### WHAT TO PRODUCE
From the listing below, please restate exactly the lines beginning at the one with "然而,一纸冰冷的法律文书打破" and ending at the one with "Light Pink Velvet", both included, and skip the pictures.

### SUPPLIED DATA
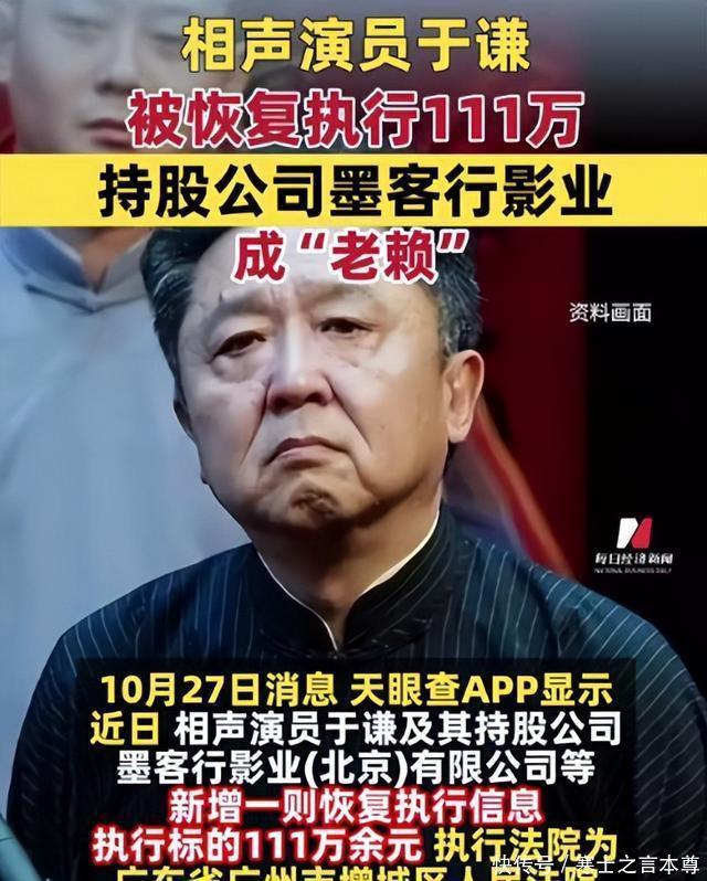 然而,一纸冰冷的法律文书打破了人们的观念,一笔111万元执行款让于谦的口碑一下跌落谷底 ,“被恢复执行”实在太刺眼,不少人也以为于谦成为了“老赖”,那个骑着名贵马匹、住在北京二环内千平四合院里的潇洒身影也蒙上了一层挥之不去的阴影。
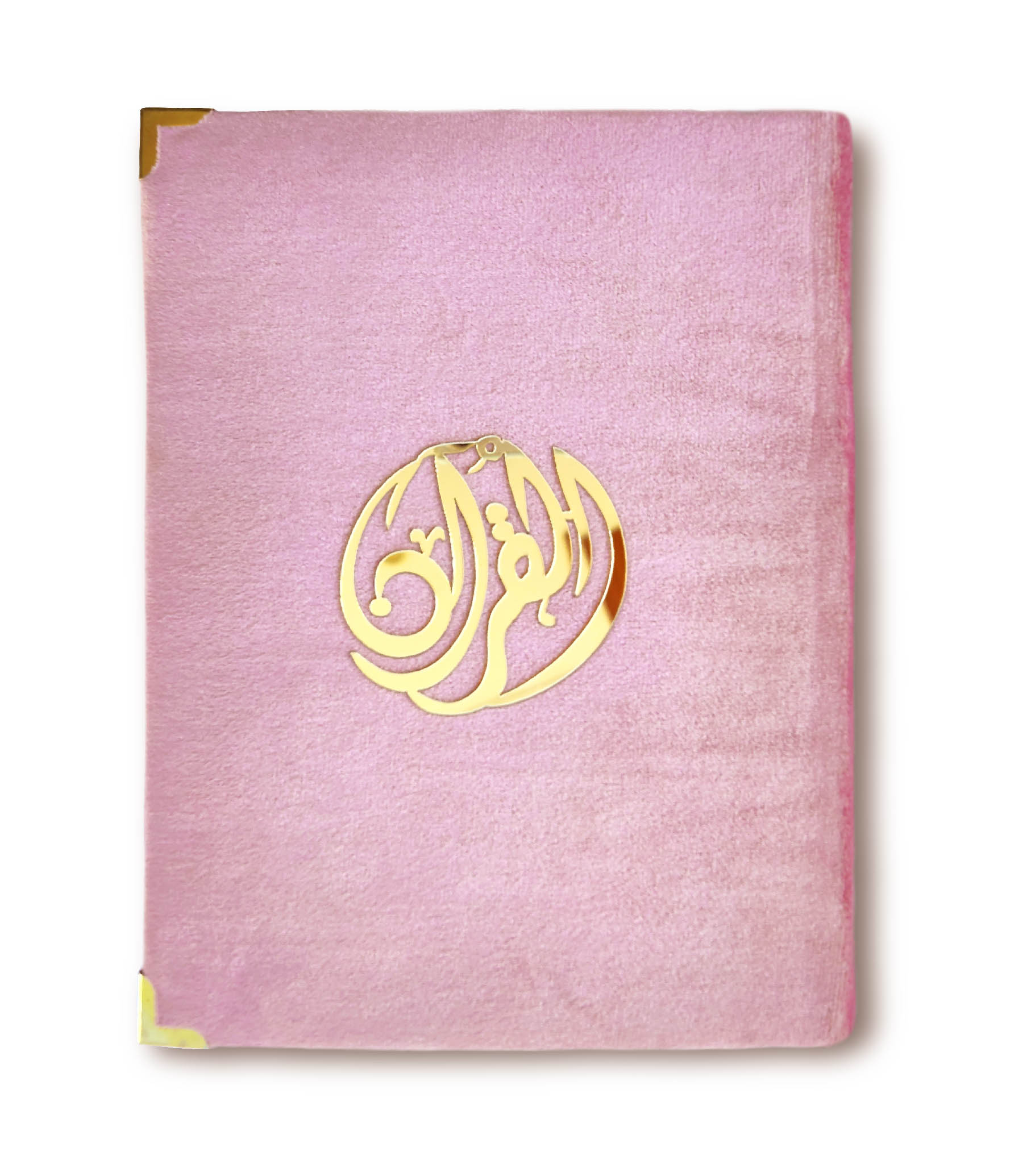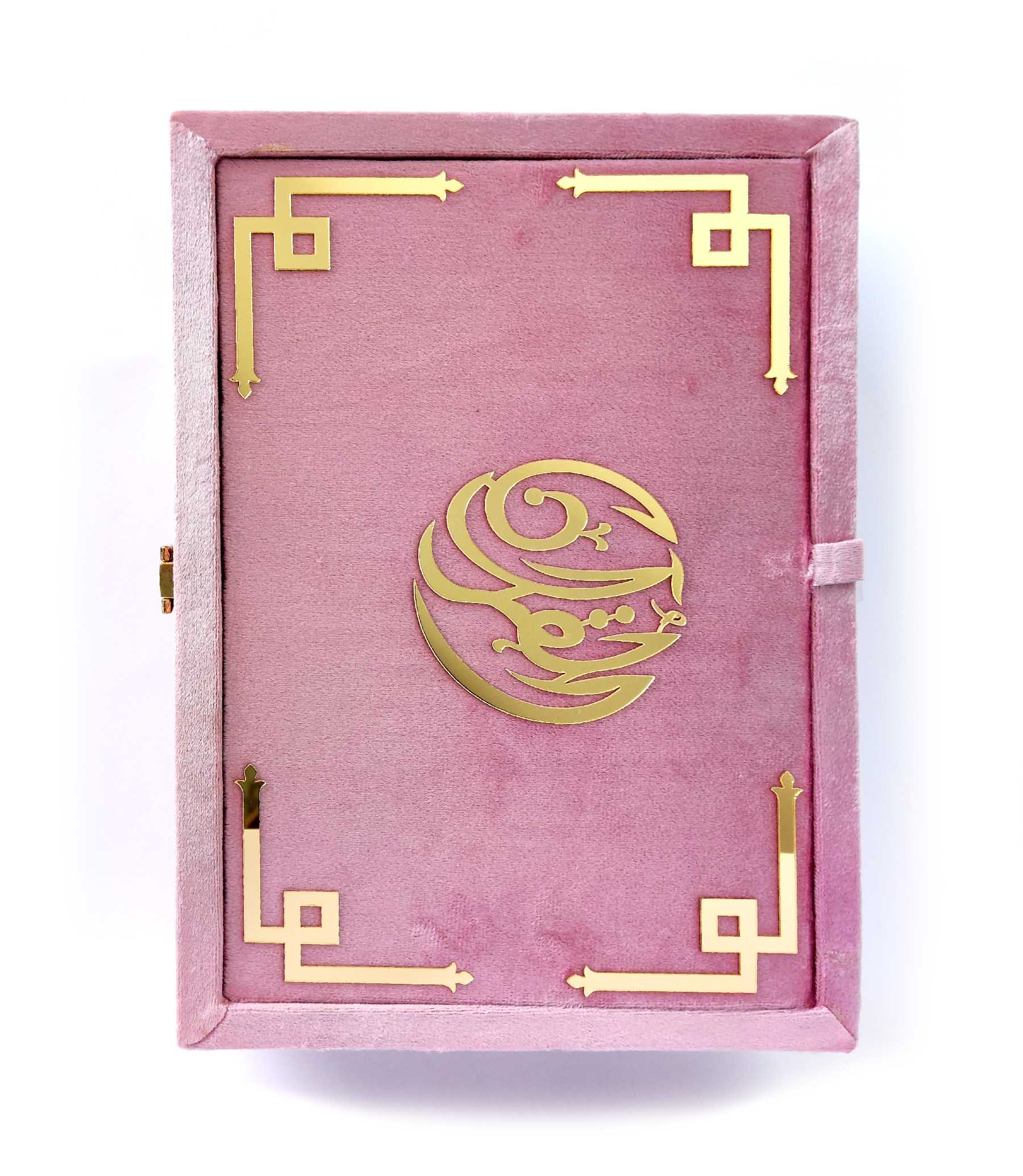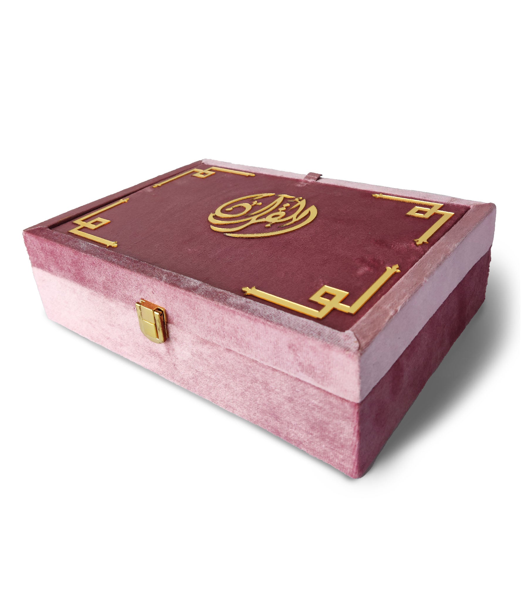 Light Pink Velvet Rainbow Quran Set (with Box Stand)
--
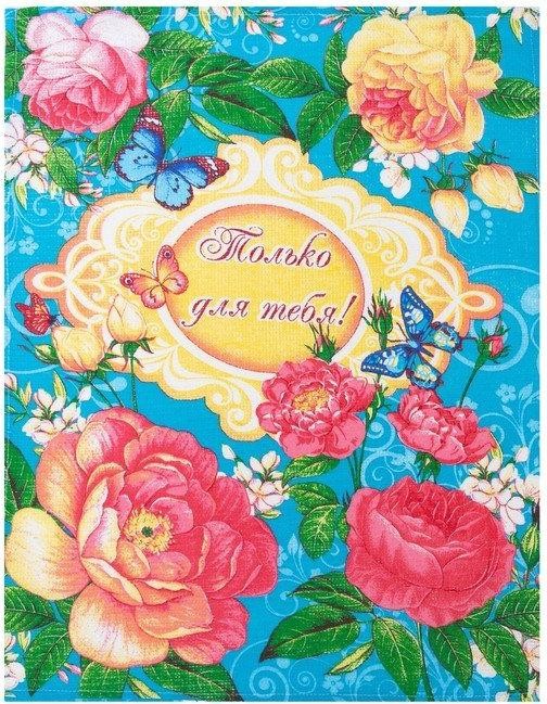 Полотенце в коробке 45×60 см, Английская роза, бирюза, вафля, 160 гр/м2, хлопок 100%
--
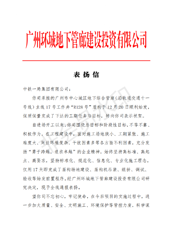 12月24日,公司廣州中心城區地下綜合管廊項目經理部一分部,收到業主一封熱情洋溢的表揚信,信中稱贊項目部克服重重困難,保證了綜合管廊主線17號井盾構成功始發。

### RESPONSE BOX
 然而,一纸冰冷的法律文书打破了人们的观念,一笔111万元执行款让于谦的口碑一下跌落谷底 ,“被恢复执行”实在太刺眼,不少人也以为于谦成为了“老赖”,那个骑着名贵马匹、住在北京二环内千平四合院里的潇洒身影也蒙上了一层挥之不去的阴影。
 Light Pink Velvet Rainbow Quran Set (with Box Stand)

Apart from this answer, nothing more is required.